== Recorded information ==
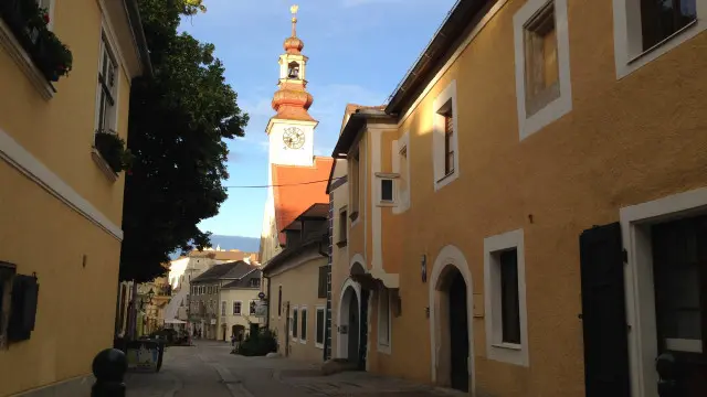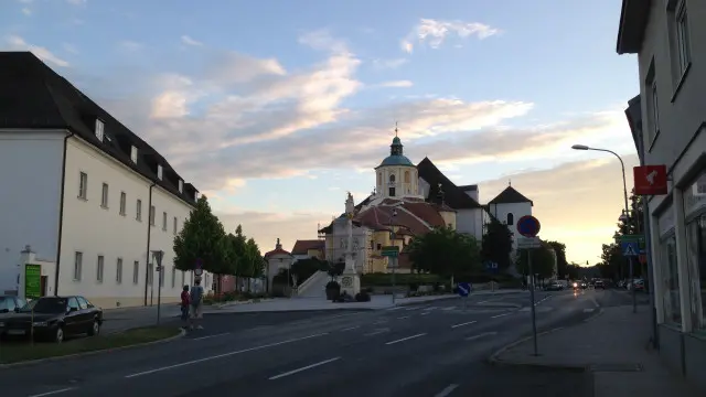 Це містечко розташоване за 14 кілометрів від столиці. Його вузенькі вулички впираються в пагорби, на яких буяє Віденський ліс.
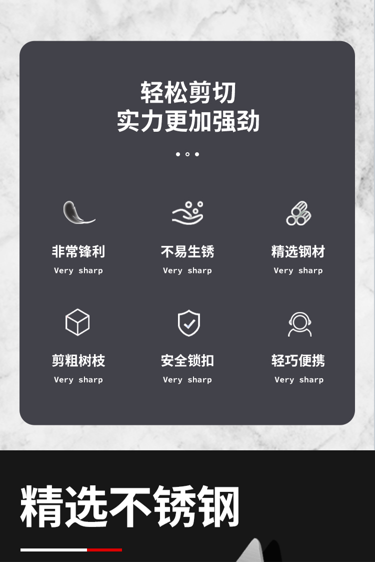 • 강력한 대형 손잡이 팔꿈치 + 직선 전지가위
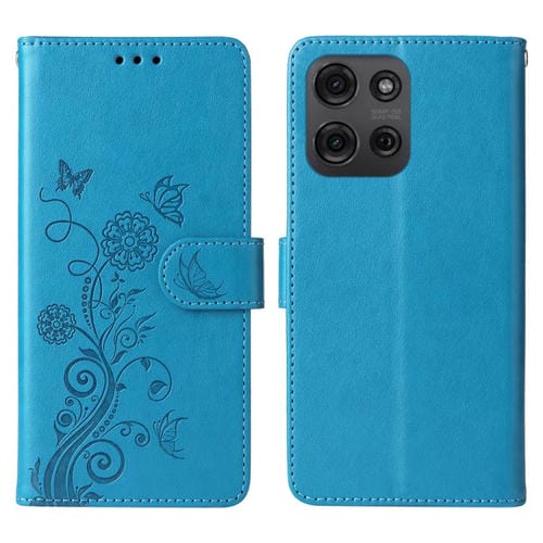 Funda de Cuero Motorola Moto G75 5G con Diseño de Mariposas y Flores en Relieve (Azul)

== Task ==
Skipping any images, write out all the data exactly.

== Response area ==
 Це містечко розташоване за 14 кілометрів від столиці. Його вузенькі вулички впираються в пагорби, на яких буяє Віденський ліс.
 • 강력한 대형 손잡이 팔꿈치 + 직선 전지가위
 Funda de Cuero Motorola Moto G75 5G con Diseño de Mariposas y Flores en Relieve (Azul)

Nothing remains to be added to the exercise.